Next month India will commemorate its victory in the Kargil war and the extraordinary sacrifices of the soldiers. They fought in some of the most brutal terrain in the world to achieve the objective of throwing the Pakistani intruders out. In his speech of July 26, Union Defence Minister A.K. Antony, a politician known for his commitment to probity, must set to rest the ghosts that haunt the battlefield. It has long been known that many who played a key role in ensuring victory were disgraced so that superiors who ought to have been penalised for their wartime failures could receive medals and honours. Last week, the Armed Force Tribunal held that the officer with direct supervisory responsibility for the conduct of the war, former XV Corps commander Lieutenant-General Kishan Pal, falsified battle records to deny a key subordinate credit for his stellar conduct of operations. This action, which seems to have been driven by a desire to cover up command failures, cost 70 Brigade commander Devinder Singh a medal and a promotion. That it took 11 years to deliver justice to Brigadier Singh is shocking: the Tribunal's judgment has only affirmed what the Army has known all along. Several accounts of the war, including Lieutenant-General Y.M. Bammi's magisterial, Kargil: The Impregnable Conquered, former army chief General V.P. Malik's memoirs, and Brigadier Gurmeet Kanwal's official history of the war, made it clear that Brigadier Singh had been instrumental in India's victory in the Batalik sector.
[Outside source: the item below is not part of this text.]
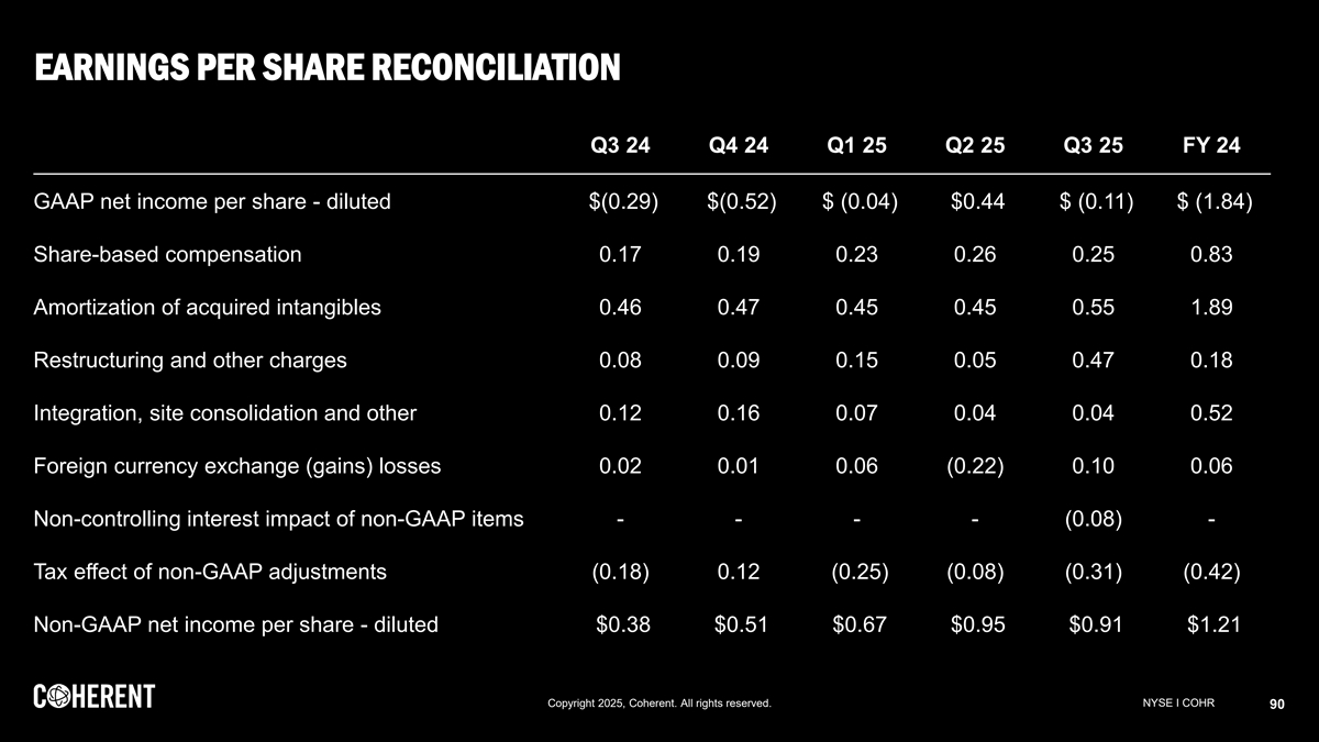 每股收益调节Q3 24 Q4 24 Q1 25 Q2 25 Q3 25 FY 24 GAAP每股净收益-摊薄$(0.29)$(0.52)$(0.04)$ 0.44 $(0.11)$(1.84)股份补偿0.17 0.190.23 0.26 0.25 0.83已购无形资产摊销0.46 0.47 0.45 0.45 0.55 1.89重组及其他费用0.08 0.09 0.15 0.05 0.47 0.18整合,网站合并及其他0.12 0.16 0.07 0.04 0.04 0.52外币汇兑(收益)损失0.02 0.01 0.06(0.22)0.10 0.06非公认会计原则项目的非控股权益影响----(0.08)-非公认会计原则调整的税收影响(0.18)0.12(0.25)(0.08)(0.31)(0.42)非公认会计原则每股净收益-稀释后0.38美元0.51美元0.67美元0.95美元0.91美元1.21美元版权所有2025,连贯一致。版权所有。NYSE I COHR 90

The Tribunal received testimony from Brigadier Singh's subordinates and superiors lauding his bravery and acumen — testimony that was available to Army headquarters years ago. Yet successive Chiefs of Army Staff and Defence Ministers did nothing to undo the mischief.

In the build-up to Kargil Day, Mr. Antony will do the Army, his Ministry, and the country proud if he summons the courage to offer Brigadier Singh an apology and restore to him the honours to which he is entitled. But he needs to do more. There are other cases pending before the Tribunal seeking redress; they revolve around decisions made by XV Corps — notably those of 121 Brigade commander Surinder Singh and Major Manish Bhatnagar. Some officers with reason to consider themselves aggrieved, like Colonel Pushpinder Oberoi, chose not to move the court for justice. The Defence Ministry must set up a body to conduct a transparent audit of these cases and set wrongs right. It must also conduct a thoroughgoing examination of the official Kargil Review Committee, which relied heavily on a tainted account of events. Armies in which promotions depend on personal prejudices, rather than dispassionate assessments of professional capability, will see poor quality leadership rise to the top. In the end, their war-fighting capacities will be eroded. Telling the truth will, doubtless, be a painful process — but the Army as well as India will emerge the stronger for it.